Hans-Werner Sinn weist auf die Verlockungen niedriger Zinsen hin

Fallende Zinsen bedeuten für Hans-Werner Sinn nicht nur einen direkten rechnerischen Einkommensvorteil für Schuldenländer, sondern haben auch deren Verhalten verändert und sie veranlasst, ihre Sparanstrengungen zu vernachlässigen und noch mehr Schulden zu machen. Ein Problem der Demokratie sieht Hans-Werner Sinn darin, dass irgendeine Regierung Vereinbarungen unterschreibt und sich anstandshalber auch noch selbst daran hält, während sich ihre Nachfolger nicht mehr darum scheren und nur noch die gegenwärtigen Interessen ihrer Wähler bedienen. Sie verpassen dabei, nachkommenden Generationen etwas Gutes zu tun, die Wünsche der Gläubiger zu respektieren oder gar die Angst der Nachbarländer vor einer Schuldenhaftung in die eigenen Überlegungen einzubeziehen. Hans-Werner Sinn ist seit 1984 Ordinarius in der volkswirtschaftlichen Fakultät der Ludwig-Maximilians-Universität München. Im Jahr 1999 wurde er Präsident des ifo Instituts für Wirtschaftsforschung in München und Leiter des CESifo-Forscher-Netzwerks, weltweit eines der größten seiner Art.

Griechenland und Portugal investierten die Kredite kaum in ihre Infrastruktur

Hans-Werner Sinn erklärt: „Solange man darauf hoffen konnte, dass der Schutz des Eurosystems die Zinsen niedrig hielt, war die Verschuldung immer ein angenehmer Weg, das Staatsbudget zu füllen.“ In Griechenland und Portugal war es nicht viel anderes als in Italien.

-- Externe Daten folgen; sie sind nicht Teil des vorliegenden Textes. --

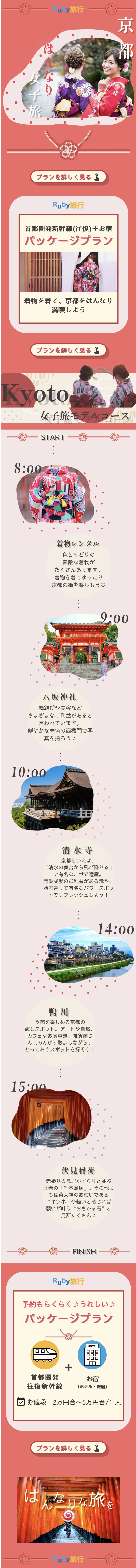 ・女性の方に楽しんでいただける京都旅行モデルコースを紹介し、パッケージプランの検
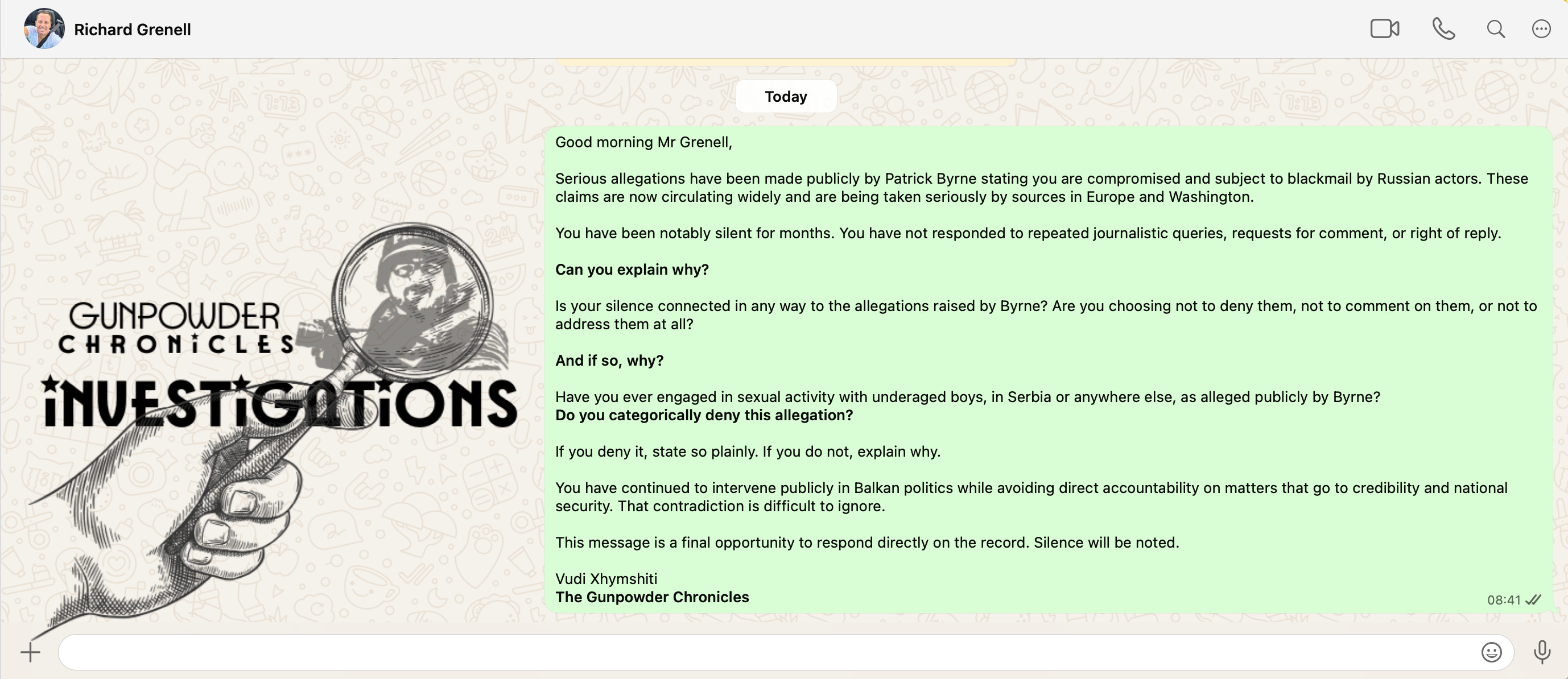 The allegations are serious and unprecedented, not because they emerged from official proceedings, but because of where they appeared and what followed. After Patrick Byrne’s public broadcasts, multiple sources familiar with the matter in Europe contacted The Gunpowder Chronicles independently. They did not provide documentary proof, but stated that similar claims had circulated privately for years within certain diplomatic and security circles. Intelligence officials approached for comment declined to respond. The Gunpowder Chronicles formally sought comment from Richard Grenell, presenting him with detailed questions concerning Byrne’s claims, including allegations of compromise, blackmail, and alleged misconduct, and offering him the opportunity to deny or address them on the record. As of publication, Grenell has provided no response. A screenshot of this outreach is attached to this article for transparency. The allegations remain unproven and are not the subject of any known legal proceedings, but they have not been publicly disputed by Grenell to date.
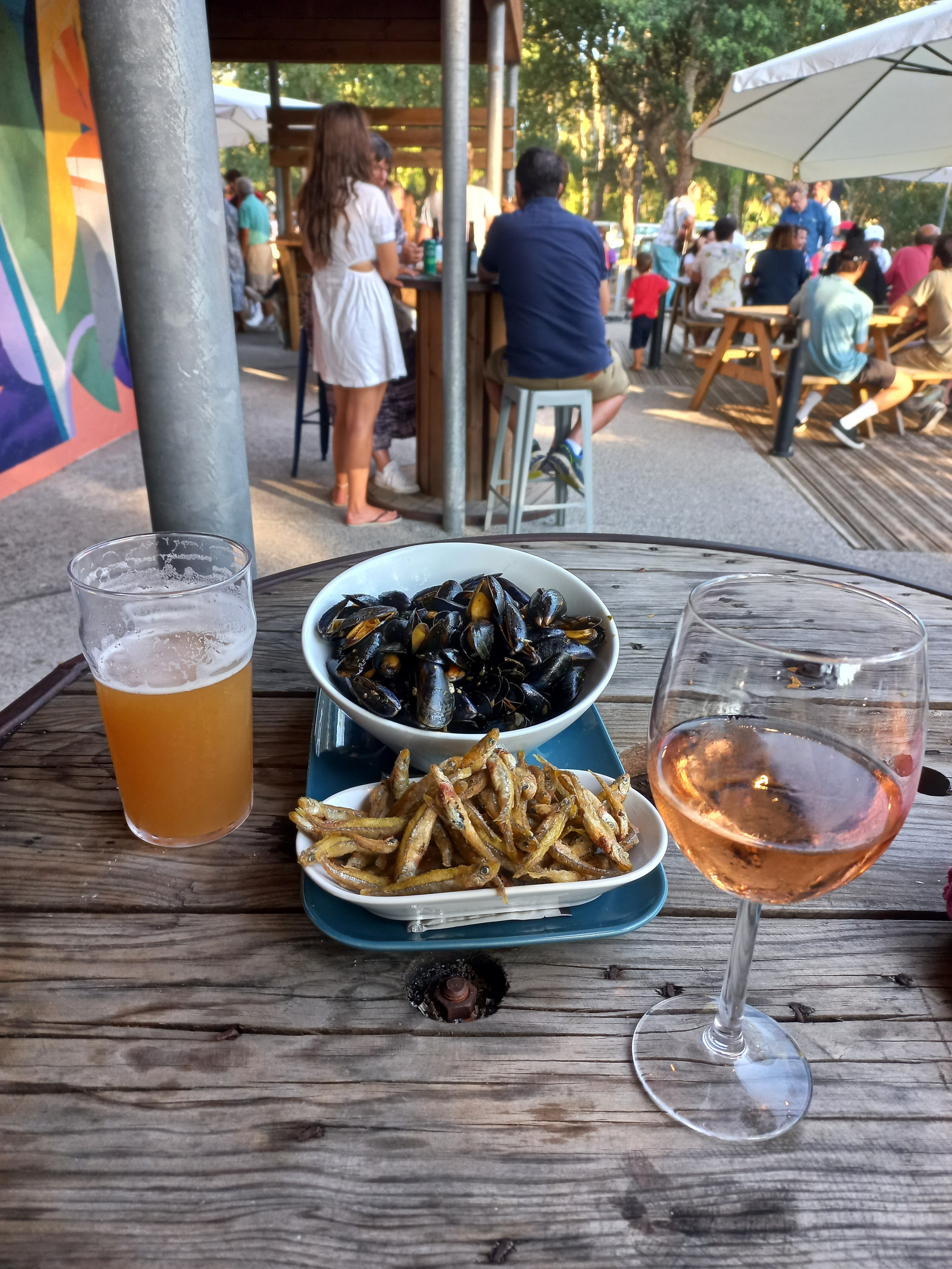 Super halles, ambiance génial sous les pins. Composé d'un restaurant brésilien, restaurant landais, un coffee shop et un mini bar local
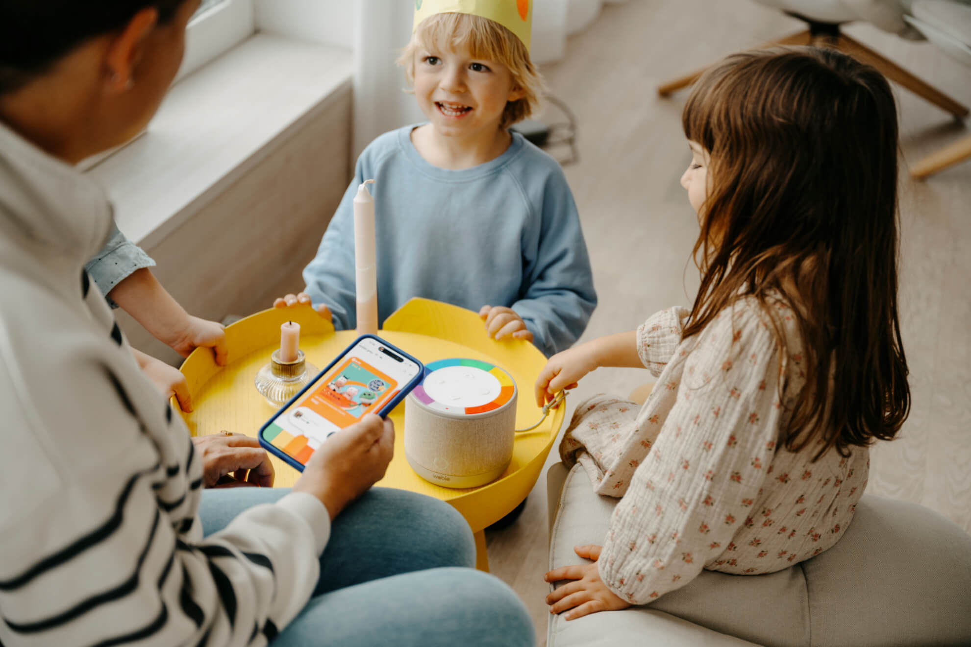 La wobie box se configure et se gère avec l'application gratuite wobie fav pour iOS et Android. Elle permet d'attribuer des albums Spotify aux touches arc-en-ciel de la box. Un seul clic suffit pour lancer la lecture de Spotify directement via le Wi-Fi, sans avoir besoin de votre smartphone.
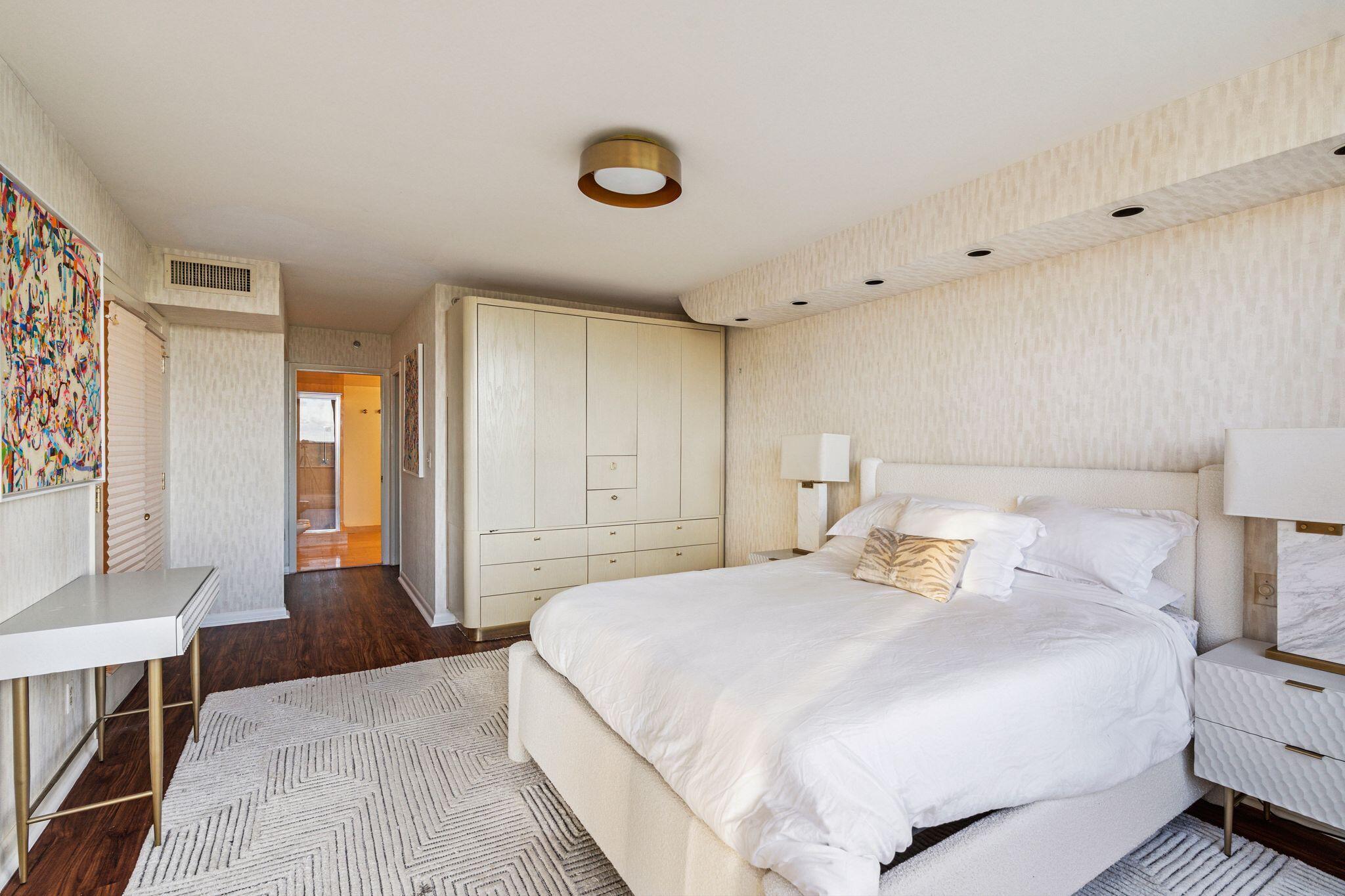 Penthouse perfection in the heart of Boca Raton. This one-of-a-kind 3-bedroom, 2-bath residence occupies the entire floor, offering total privacy and panoramic views in every direction. With no shared walls and direct elevator access, this exclusive unit includes an expansive 1,800+/- square foot private rooftop terrace -- ideal for entertaining, sunbathing, or enjoying the sunrise and sunset with unobstructed views to the east, north, south, and west. Inside, the home is rich with character and elevated finishes, including elegant custom built-ins, curved architectural walls, and a classic built-in bar. Hardwood, marble, and laminate flooring flow throughout the living spaces, blending warmth and sophistication. The updated kitchen features a brand-new refrigerator and modern touches,

Die Defizitquoten dieser Länder lagen meistens über der Drei-Prozent-Grenze, obwohl diese Länder anfangs und Griechenland sogar bis zu Finanzkrise ein exorbitantes Wachstum hatten und sich wirklich nicht auf Notstände berufen konnten.

Neue Kredite wurden laut Hans-Werner Sinn in Griechenland und Portugal vor allem dazu verwendet, den Staatsbediensteten höhere Gehälter zu zahlen. Die neuen Kredite wurden kaum dazu verwendet, um in die Infrastruktur zu investieren. Hans-Werner Sinn nennt Zahlen: „In Griechenland stiegen die Gehälter von 2000 bis 2008 um nominal 80 Prozent und in Portugal um 30 Prozent. In Deutschland stiegen sie in der gleichen Zeitspanne nur um 10 Prozent, was weniger als der Anstieg der Verbraucherpreise war, der in der gleichen Zeitspanne bei 15 Prozent gelegen hatte.“

Viele Euroländer waren von einer Schuldensucht befallen

Aber nicht nur Griechenland und Portugal erhöhten ihre Staatsschulden. Vielmehr griff die von den niedrigen Zinsen erzeugte Schuldensucht allgemein um sich. Viele Länder hielten sich nicht an die Defizitgrenzen. Im Zeitraum von 1995 bis 2011 stieg die Schuldenquote der Euroländer im Durchschnitt von 72 auf 87 Prozent, was meilenweit über der nach dem Maastrichter Vertrag zulässigen Grenze von 60 Prozent liegt. Hans-Werner Sinn schreibt: „Der Euroraum selbst hätte so gesehen beim Euro nicht mitmachen dürfen.“

Zu den frühen Sündern zählt Hans-Werner Sinn auch Deutschland, dessen Defizitquote in den Jahren 2002 bis 2005 über die Drei-Prozent-Grenze hinauswuchs, ohne das Deutschland in einer Rezession war und insofern eventuell die Erlaubnis dafür gehabt hätte. Hans-Werner Sinn macht darauf aufmerksam, dass sich Bundeskanzler Gerhard Schröder damals massiv dafür einsetzte, die Regeln des Stabilitäts- und Wachstumspaktes aufzuweichen, damit Deutschland keine Strafe bezahlen müsse.